Peanut ( Arachis hypogaea) is the only economically important geocarpic plant species, producing flowering structures above ground but forming fruits below ground. After pollination, a gynophore (peg) is produced which contains the fertilized ovules at the tip ( Smith, 1954). The peg is positively geotropic, and between 4 and 7 days after pollination it enters the soil to a depth of 2 to 8 cm below the surface, otherwise known as the pegging zone. Here the embryo within the peg begins to swell ( Bledsoe, Comar, & Harris, 1949; Moss, Rao, Pattee, & Stalker, 1995; Rashid et al., 2016 ; Zamski & Ziv, 1976; Ziv, 1981), and then forms the peanut pod and the seeds ( Smith, 1954; Xi, 1991). As the pod swells, it actively uptakes nutrients (calcium and other inorganic salts) and moisture from the surrounding soil, while photosynthates are translocated from mesophyll cells to developing pods ( Bledsoe et al., 1949 ; Inanaga & Yoshihara, 1997; Pattee & Mohapatra, 1987; Singh, 2004).

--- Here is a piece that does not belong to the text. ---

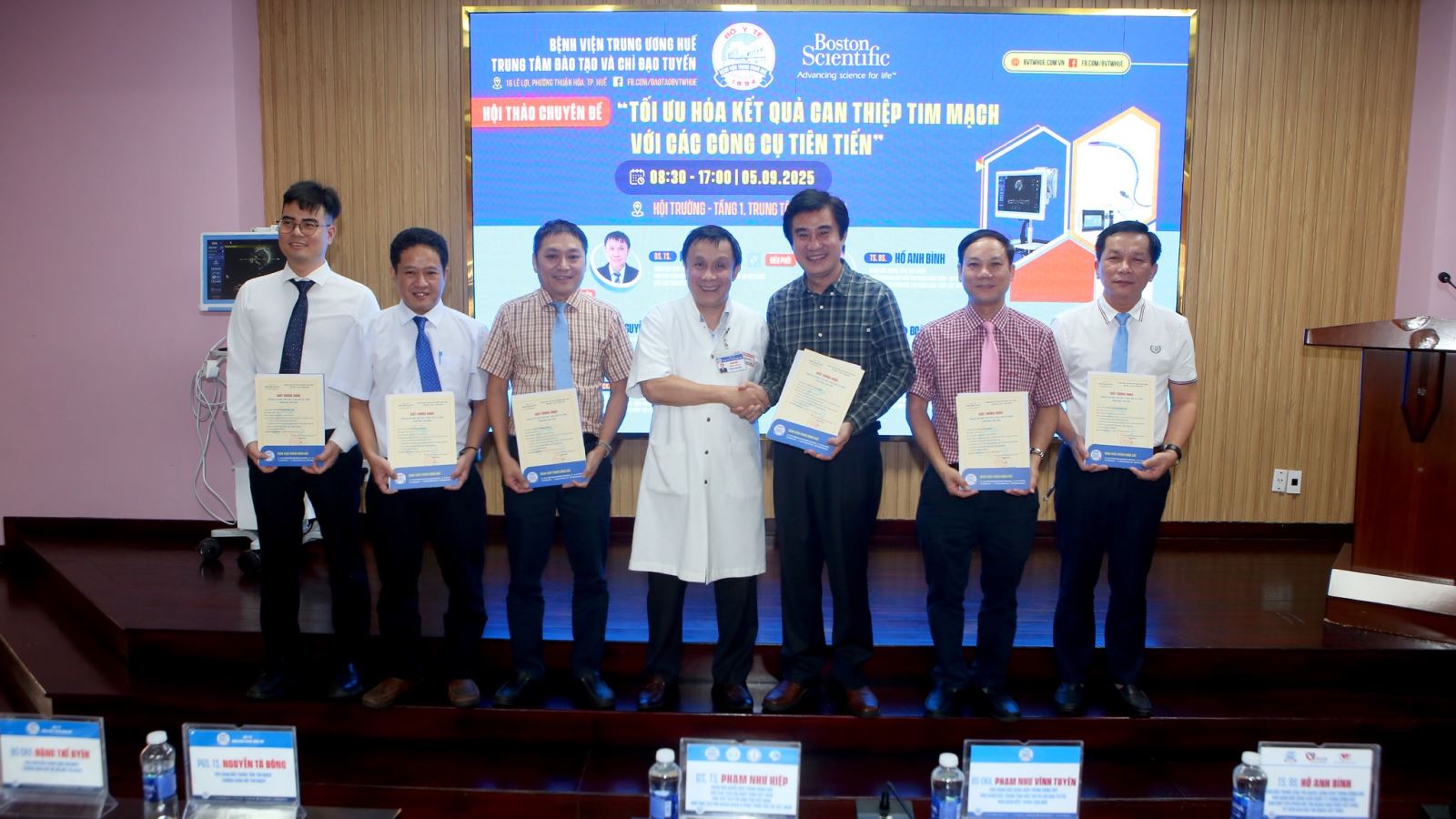 Ngày 5/9, Bệnh viện Trung ương (BVTW) Huế phối hợp cùng Công ty Boston Scientific Việt Nam tổ chức chương trình đào tạo chuyên sâu về can thiệp tim mạch với chủ đề “Tối ưu hóa kết quả can thiệp tim mạch với các công cụ tiên tiến”.

Although peanut pods and roots are both developed in soil, they have distinct interactions with soil microbiome and different needs for nutrition. Comparison of rhizosphere, geocarposphere and bulk soil microbiota revealed differentiated bacterial and fungal populations associated with each organ ( Kloepper & Bowen, 1991; Subrahmanyam & Rao, 1977). The preferential association of some fungi and bacteria with early developmental stages of pods indicates that these microorganisms may be adapted for colonizing the geocarposphere ( Kloepper & Bowen, 1991; Rashid et al., 2016 ; Subrahmanyam & Rao, 1977). Such pod-associated microbiota could influence the level of infection by fungal pathogen Aspergillus flavus and the production of aflatoxin ( Chourasia & Sah, 2017; Li et al., 2020 ). Selected geocarposphere bacteria were also proposed as a biological approach for controlling Aspergillus infection and aflatoxin biosynthesis in peanut ( Dong et al., 2020 ; Lyu, Yang, Wu, Zhang, & Li, 2020; Mickler, Bowen, & Kloepper, 1995; Yan et al., 2010 ).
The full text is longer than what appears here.